-- EXERCISE INPUT follows --
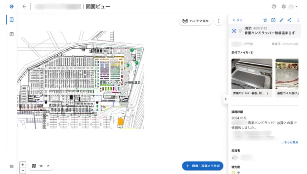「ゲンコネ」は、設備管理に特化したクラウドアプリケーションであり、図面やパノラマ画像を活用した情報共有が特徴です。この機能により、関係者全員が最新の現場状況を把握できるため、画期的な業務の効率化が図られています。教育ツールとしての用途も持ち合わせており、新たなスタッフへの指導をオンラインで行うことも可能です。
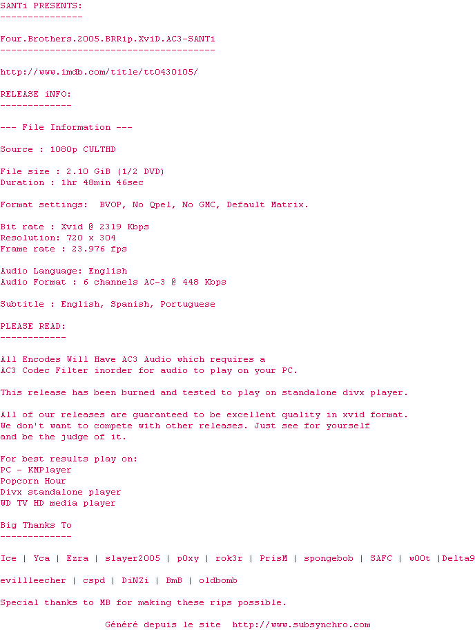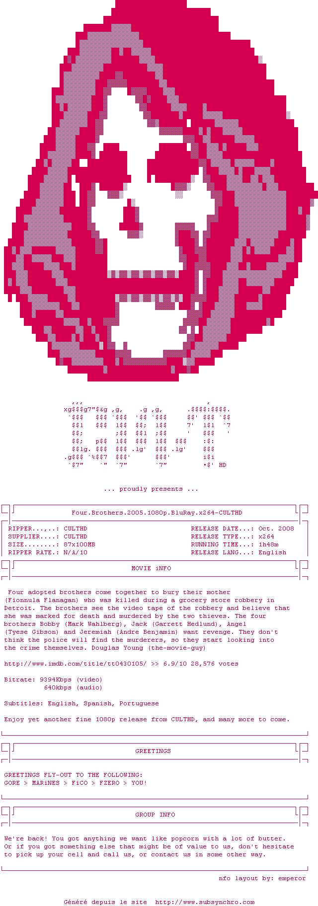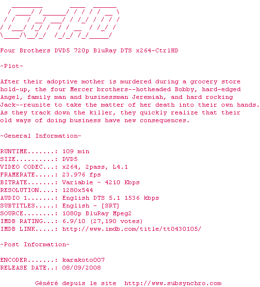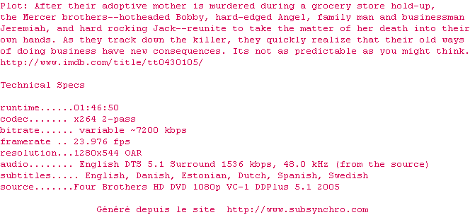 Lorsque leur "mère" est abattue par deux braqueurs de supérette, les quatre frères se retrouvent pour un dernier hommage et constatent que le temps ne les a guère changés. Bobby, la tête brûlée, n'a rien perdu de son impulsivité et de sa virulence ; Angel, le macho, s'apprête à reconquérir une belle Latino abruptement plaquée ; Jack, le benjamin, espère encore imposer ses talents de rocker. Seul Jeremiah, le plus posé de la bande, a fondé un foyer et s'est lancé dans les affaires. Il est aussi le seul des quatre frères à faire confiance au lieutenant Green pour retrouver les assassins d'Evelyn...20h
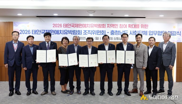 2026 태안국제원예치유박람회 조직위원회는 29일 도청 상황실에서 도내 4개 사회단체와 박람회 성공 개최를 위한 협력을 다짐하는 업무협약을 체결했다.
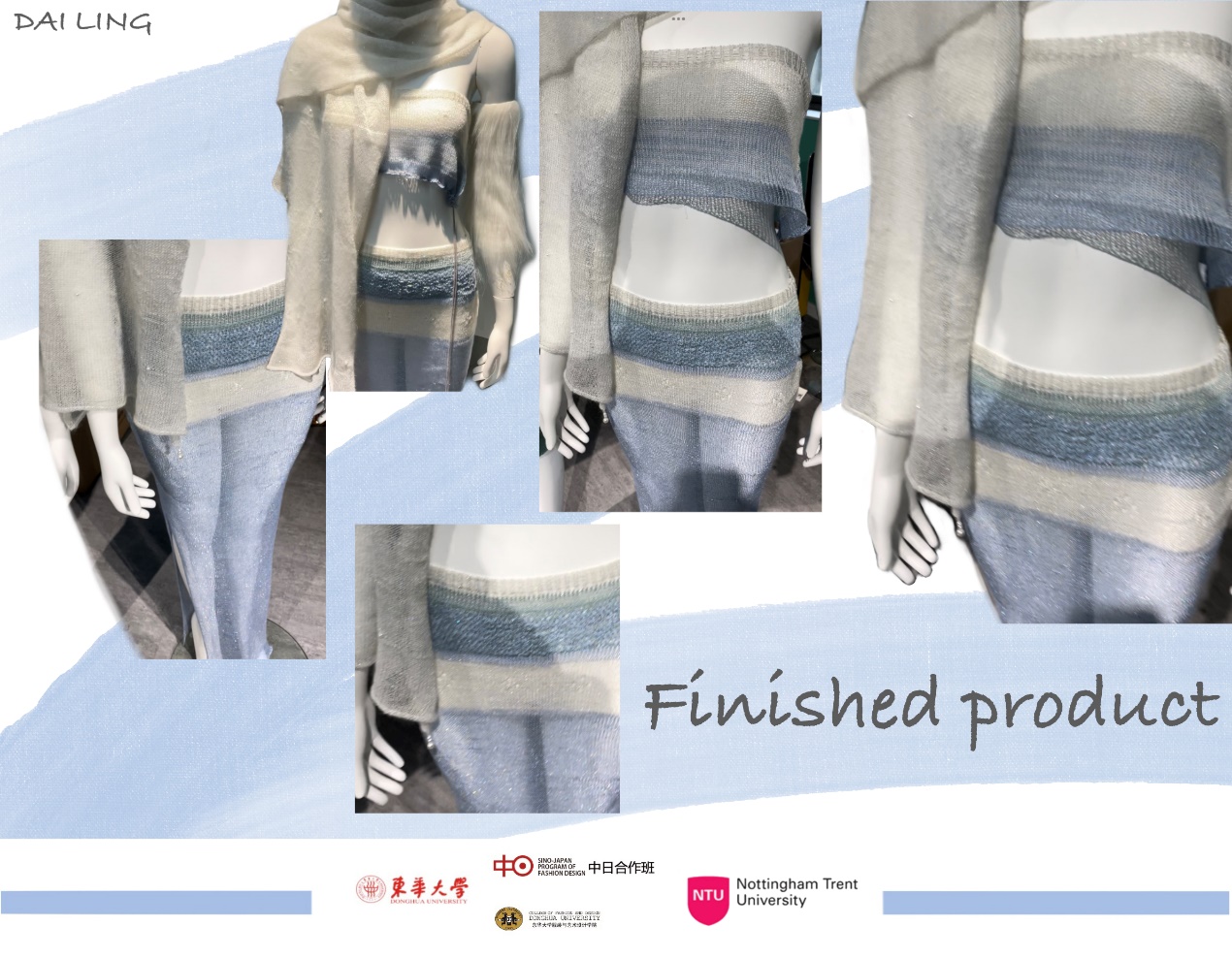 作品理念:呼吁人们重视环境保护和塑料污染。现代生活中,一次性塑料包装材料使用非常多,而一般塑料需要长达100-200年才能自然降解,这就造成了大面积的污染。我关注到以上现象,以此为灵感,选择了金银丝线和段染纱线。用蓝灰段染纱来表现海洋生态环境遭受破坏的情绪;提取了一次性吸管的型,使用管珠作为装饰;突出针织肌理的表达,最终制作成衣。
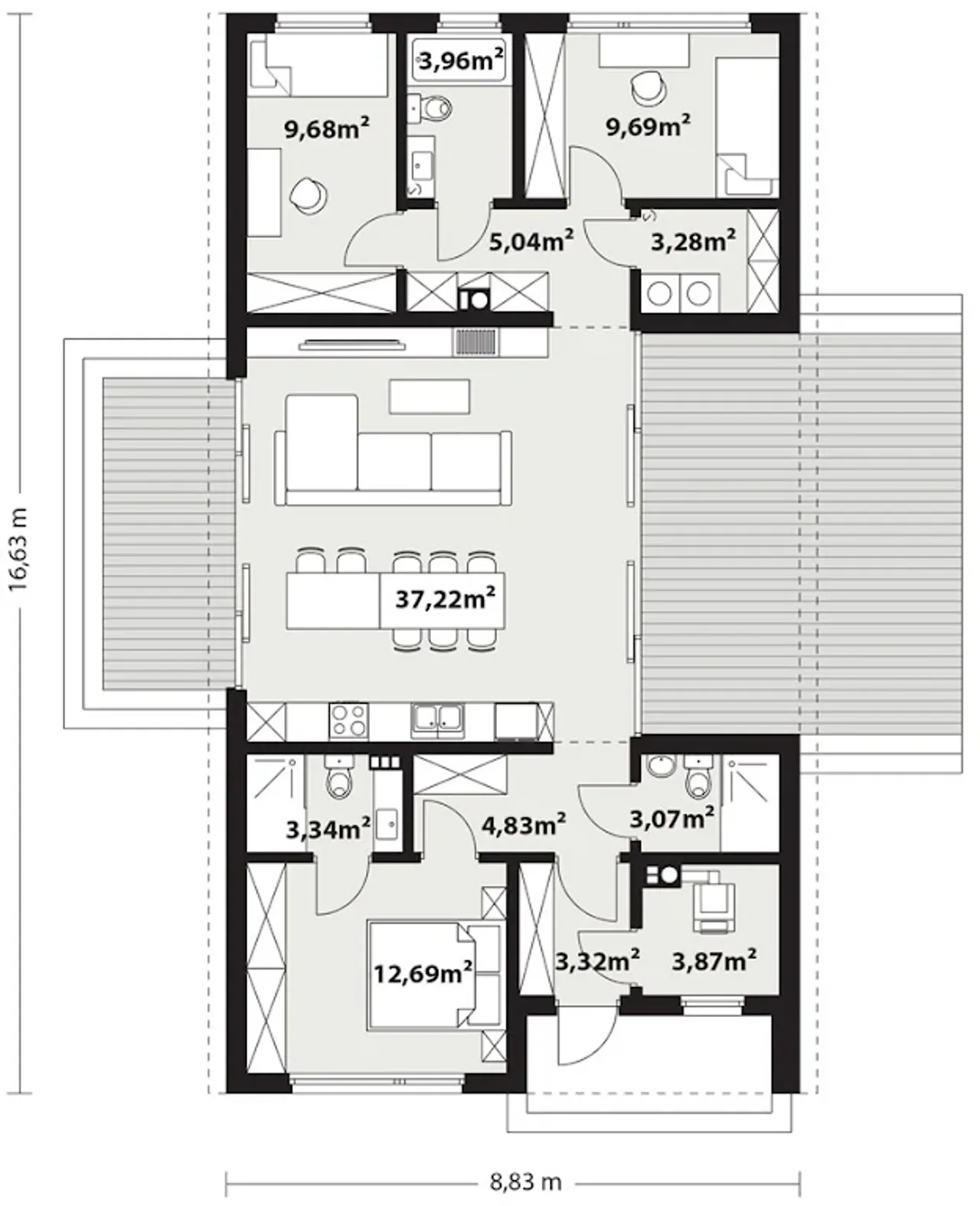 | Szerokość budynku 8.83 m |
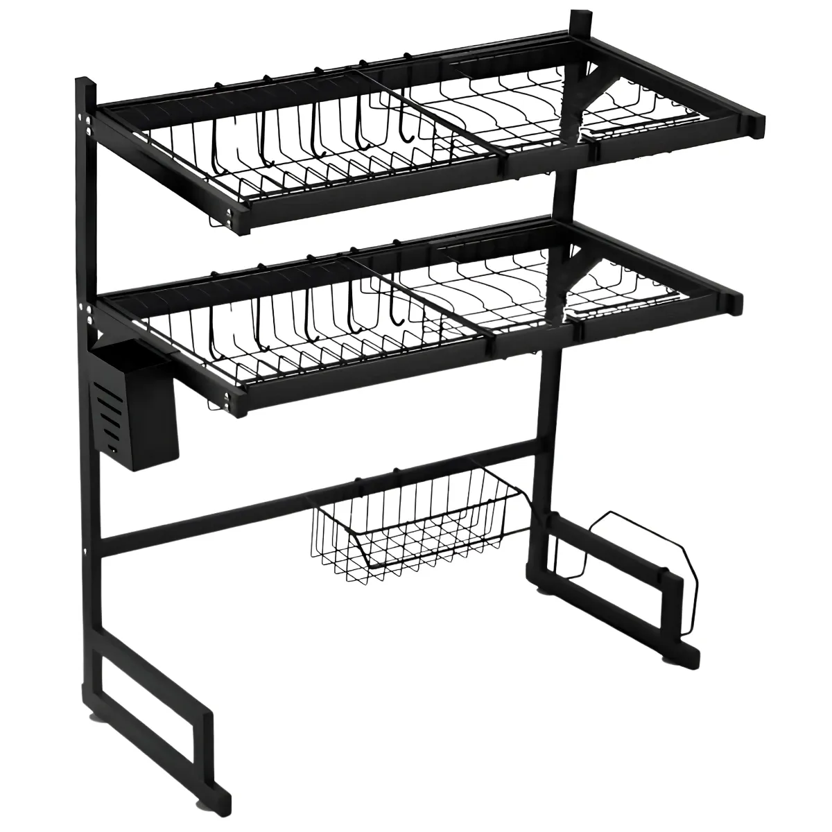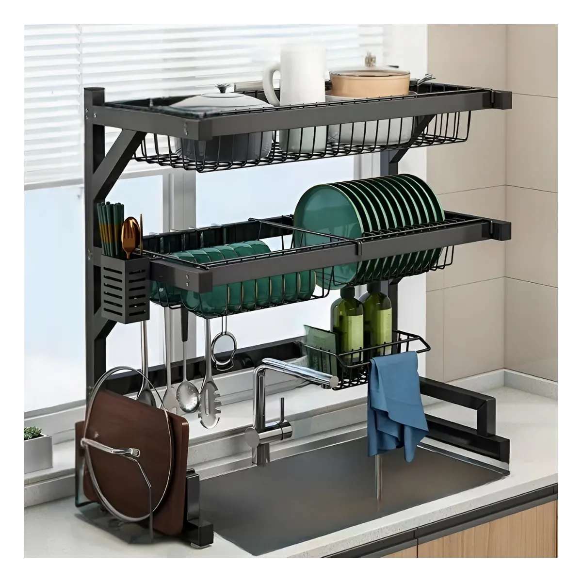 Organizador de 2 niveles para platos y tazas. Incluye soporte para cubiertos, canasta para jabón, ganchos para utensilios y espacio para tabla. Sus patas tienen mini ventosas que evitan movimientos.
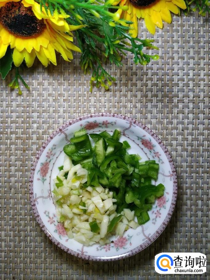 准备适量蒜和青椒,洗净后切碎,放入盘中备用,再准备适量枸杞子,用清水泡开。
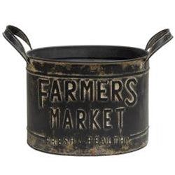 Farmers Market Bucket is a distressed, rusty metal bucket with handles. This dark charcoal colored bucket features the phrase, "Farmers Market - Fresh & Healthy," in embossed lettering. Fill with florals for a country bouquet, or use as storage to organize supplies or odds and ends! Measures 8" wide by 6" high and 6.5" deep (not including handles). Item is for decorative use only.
-- EXERCISE INPUT concluded --
TASK TO COMPLETE
Output all of the entries once more, word for word, with the images removed.

ANSWER SECTION
「ゲンコネ」は、設備管理に特化したクラウドアプリケーションであり、図面やパノラマ画像を活用した情報共有が特徴です。この機能により、関係者全員が最新の現場状況を把握できるため、画期的な業務の効率化が図られています。教育ツールとしての用途も持ち合わせており、新たなスタッフへの指導をオンラインで行うことも可能です。
 Lorsque leur "mère" est abattue par deux braqueurs de supérette, les quatre frères se retrouvent pour un dernier hommage et constatent que le temps ne les a guère changés. Bobby, la tête brûlée, n'a rien perdu de son impulsivité et de sa virulence ; Angel, le macho, s'apprête à reconquérir une belle Latino abruptement plaquée ; Jack, le benjamin, espère encore imposer ses talents de rocker. Seul Jeremiah, le plus posé de la bande, a fondé un foyer et s'est lancé dans les affaires. Il est aussi le seul des quatre frères à faire confiance au lieutenant Green pour retrouver les assassins d'Evelyn...20h
 2026 태안국제원예치유박람회 조직위원회는 29일 도청 상황실에서 도내 4개 사회단체와 박람회 성공 개최를 위한 협력을 다짐하는 업무협약을 체결했다.
 作品理念:呼吁人们重视环境保护和塑料污染。现代生活中,一次性塑料包装材料使用非常多,而一般塑料需要长达100-200年才能自然降解,这就造成了大面积的污染。我关注到以上现象,以此为灵感,选择了金银丝线和段染纱线。用蓝灰段染纱来表现海洋生态环境遭受破坏的情绪;提取了一次性吸管的型,使用管珠作为装饰;突出针织肌理的表达,最终制作成衣。
 | Szerokość budynku 8.83 m |
 Organizador de 2 niveles para platos y tazas. Incluye soporte para cubiertos, canasta para jabón, ganchos para utensilios y espacio para tabla. Sus patas tienen mini ventosas que evitan movimientos.
 准备适量蒜和青椒,洗净后切碎,放入盘中备用,再准备适量枸杞子,用清水泡开。
 Farmers Market Bucket is a distressed, rusty metal bucket with handles. This dark charcoal colored bucket features the phrase, "Farmers Market - Fresh & Healthy," in embossed lettering. Fill with florals for a country bouquet, or use as storage to organize supplies or odds and ends! Measures 8" wide by 6" high and 6.5" deep (not including handles). Item is for decorative use only.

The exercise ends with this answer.